|Selecting the top 10 results by count in MySQL|
Is this an efficient way of going about it?
I'm working with a rapidly growing dataset, and being somewhat of a beginner in MySQL, I'm concerned about making early mistakes :)
I have a MySQL database with several million rows, from which I want to select the top 10 occurrences of a particular item, by how often that item occurs in the database. So, I'm using the syntax below:
SELECT count(my_item), my_item
FROM data WHERE item_category='example_category'
GROUP BY my_item
ORDER BY count(my_item) DESC LIMIT 10;
Now this isn't slow, but it can take a good few seconds to complete when my_item is present in many thousands of rows.

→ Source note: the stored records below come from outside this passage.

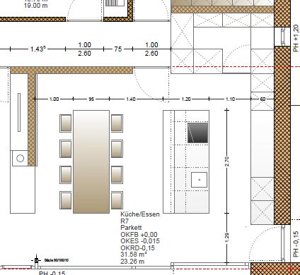 Die Insel ist jedoch aufgrund der Raumtiefe auf max. 3,0m begrenzt. Die derzeit eingezeichnete Insel ist 2,7m damit genügend Platz für den Durchgung Richtung Terrassentüre besteht.
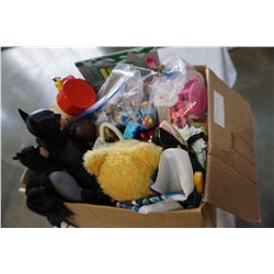 TOTE OF STUFFED ANIMALS AND COLLECTIBLES
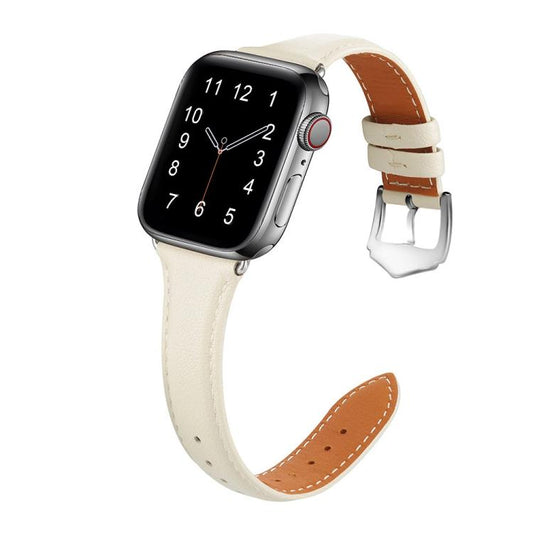 For Apple Watch 42mm / 41mm / 40mm / 38mm Small Waist Drop Buckle Genuine Leather Watch Band(Ivory White)
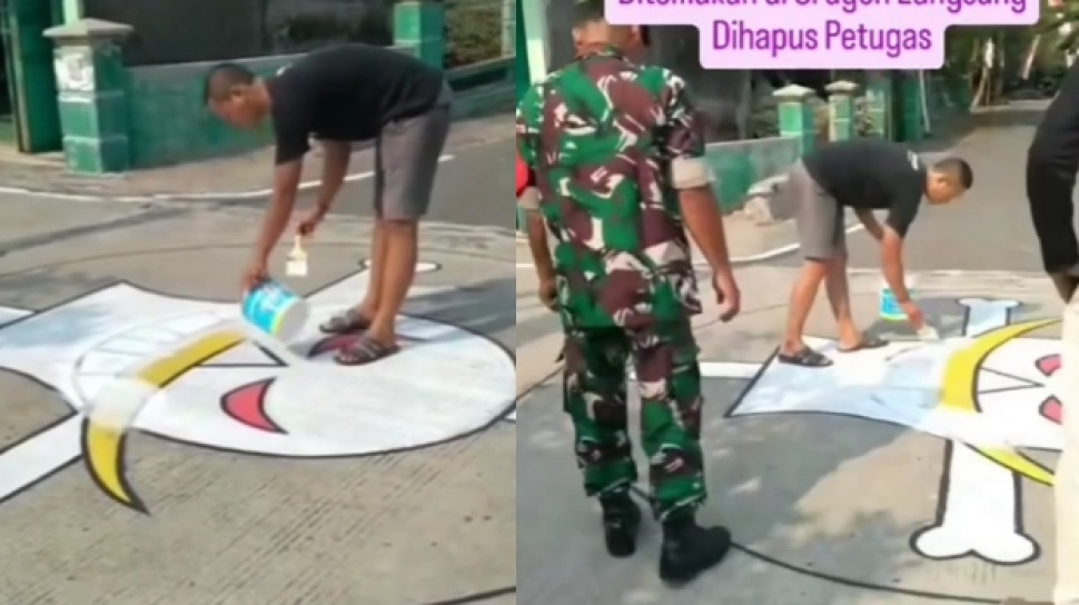 Tangkapan layar video detik-detik mural bergambar one piece dihapus aparat. [Instagram/@icws_infocegatanwilayahsragen]
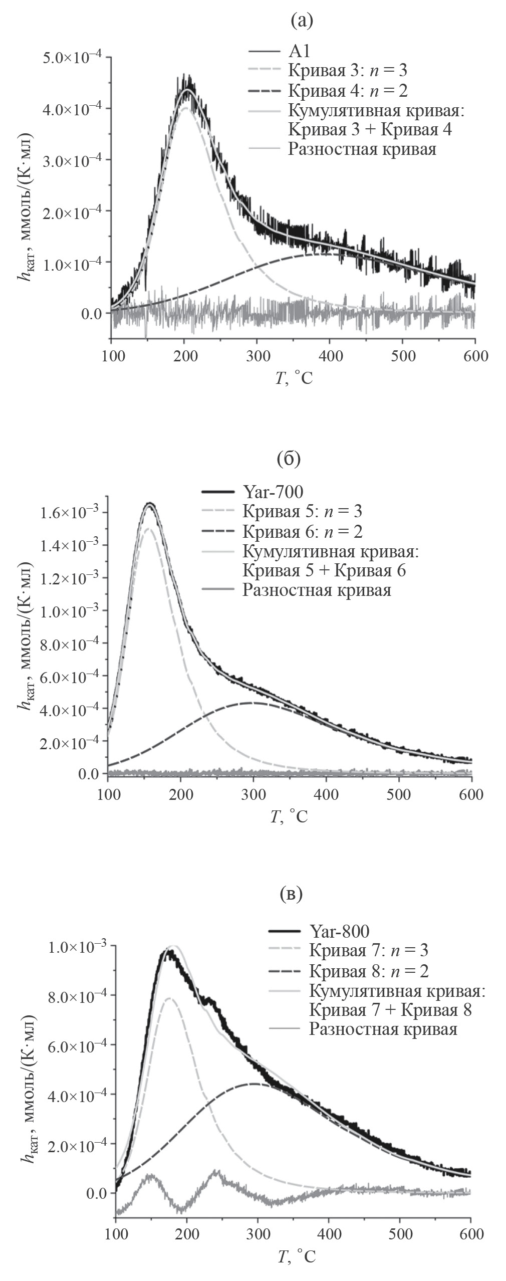Рис. 9. Кривые ТПД аммиака образцов A1 (а), Yar-700 (б) and Yar-800 (в) с деконволюцией посредством предложенной кинетической модели.

I can live with this, but I just want to get some advice on whether I'm doing this in an efficient way :)
What's the query time without LIMIT?
Count() is slowing the query time down when there is no index, do you have one on the table?
Also try explain + query to see what's going on.
Thanks for the reply :)
To follow your steps:
I don't really understand how I should be interpreting EXPLAIN, but it gives me the results below:
Extra Using where; Using temporary; Using filesort
I guess the problem is I need to index some of the affected columns?
Not a problem,
Ok so you don't have an index on my_item. In order to shorten the query time index columns used in WHERE and ORDER BY. If you are using phpMyAdmin, it's very easy to add an index, just few clicks...
It would be great if you created a backup of the table before making any changes, in case if something goes left.
I tried adding an index to first my_item then item_category, but that actually seems to be slower!?
Perhaps I just have too big a database for this server to handle quickly - I just want to make sure I'm not doing something basic incorrectly. Still, could be a pretty hefty hardware upgrade to take it down from 20 seconds to something more palatable.
It would seem to me that an index on `item_category` would be helpful.
|MySQL database with several million rows, from which I want to select the top 10 occurrences of a particular item |
One reaches a certain point where doing queries like this in real-time just isn't efficient anymore. Run a cronjob as often as you expect the rankings to change and store the results in a separate summary table.
I'm facing the same problems. Have you set innodb_file_per_table in your my.cnf?
When you say "a MySQL database with several million rows", you mean a table, or a set of tables? May be time to shard your big table(s) too? Would you post the table(s) structure(s)?
I'm a bit late, but...
I'm not sure how well the
ORDER BY clause works when you use a function, or what kind of optimizations or caching are done, but something worth trying might be to give the result of
COUNT() a name and then
ORDER BY that name.
SELECT COUNT( `my_item` ) AS `item_count` [...] ORDER BY `item_count` [...]